Coking Propensities of Feedstocks Modified with Various Gas Oils
A resid feedstock having physical properties as shown in Table I was tested using the coking propensity apparatus described in International Publication No. WO 01/53813. Also tested were blends consisting of about 80 wt % of the resid with about 20 wt % of each of the gas oils listed below in Table I.
The properties and OCFT data for each sample tested with the coking propensity apparatus are summarized in Table II. Because the OCFT is very sensitive to liquid temperature, the corrected OCFT for each sample is also listed. The corrected OCFT is obtained by using an Arrhenius thermal severity factor to normalize experimental data to a constant level of liquid temperature. As shown below, unmodified resids have much shorter OCFT times, and thus, higher coking propensities, than those modified with 20 Wt % aromatic gas oil or hydrotreated aromatic gas oil.
13C NMR
Coking Propensities of Feedstocks Modified with Fractionated Gas Oils
Gas oils 1 and 3 were each fractionated to produce a 750-850° F. fraction and an 850+° F. fraction. These fractions were mixed with the resid from Example 1 in a proportion of about 80 wt % resid and about 20 wt % gas oil. The properties and OCFT data for these samples are summarized in Table IV.
The data in Table IV demonstrate that the 750-850° F. fraction is more effective than the 850+° F. fraction at slowing coke formation, particularly in the case of hydrotreated gas oil #3.

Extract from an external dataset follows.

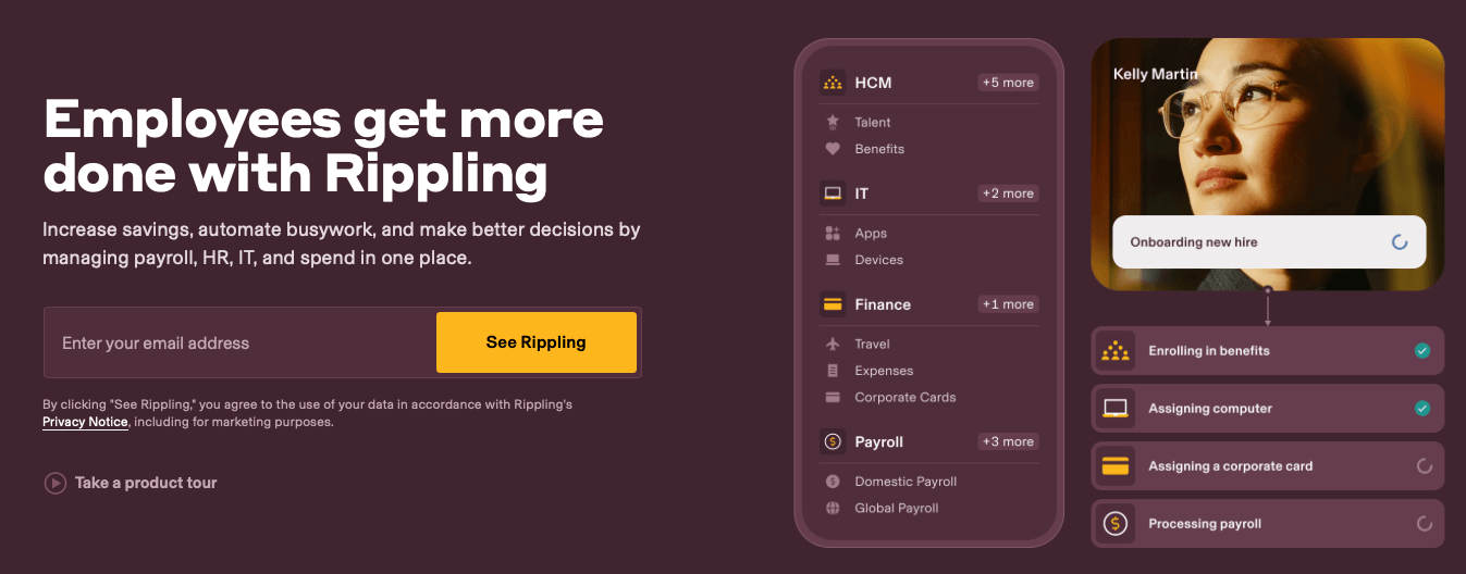 Rippling is a unified workforce platform that automates the entire employee lifecycle, from onboarding through offboarding, bringing together HR, IT, and payroll in one place.
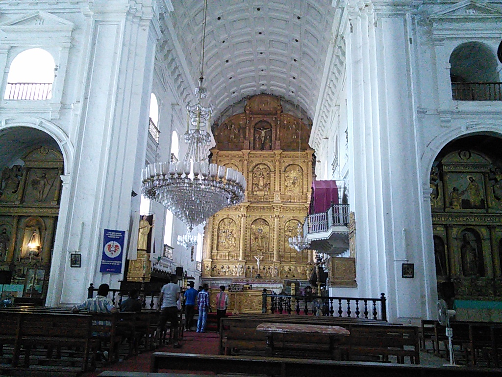 日差しを反射し白壁がまぶしかったです。教会前の芝生の緑も鮮やかでとても美しい場所です。内部はとても広く薄暗くひっそりとし厳かな空気が漂っています。巨大なシャンデリアが低く下がっているのが印象的でした。

Coking Propensities of Feedstocks Modified with Fractionated Gas Oils
Gas oil 6, which was less effective at slowing coke formation than the other gas oils tested in Example 1, was fractionated to produce a 750-850° F. fraction and a fraction boiling below 950° F. These fractions were mixed with the resid from Example 1 in a proportion of about 80 wt % resid and about 20 wt % gas oil. The properties and OCFT data for these samples are summarized in Table V.
Table V illustrates results similar to those of Example 2, specifically, that separating out the highest molecular weight fraction of the gas oil makes the gas oil more effective at slowing the onset of coke formation.
The foregoing description of preferred embodiments of this invention is intended to be illustrative and is not intended to impose any limitations on the scope of the invention.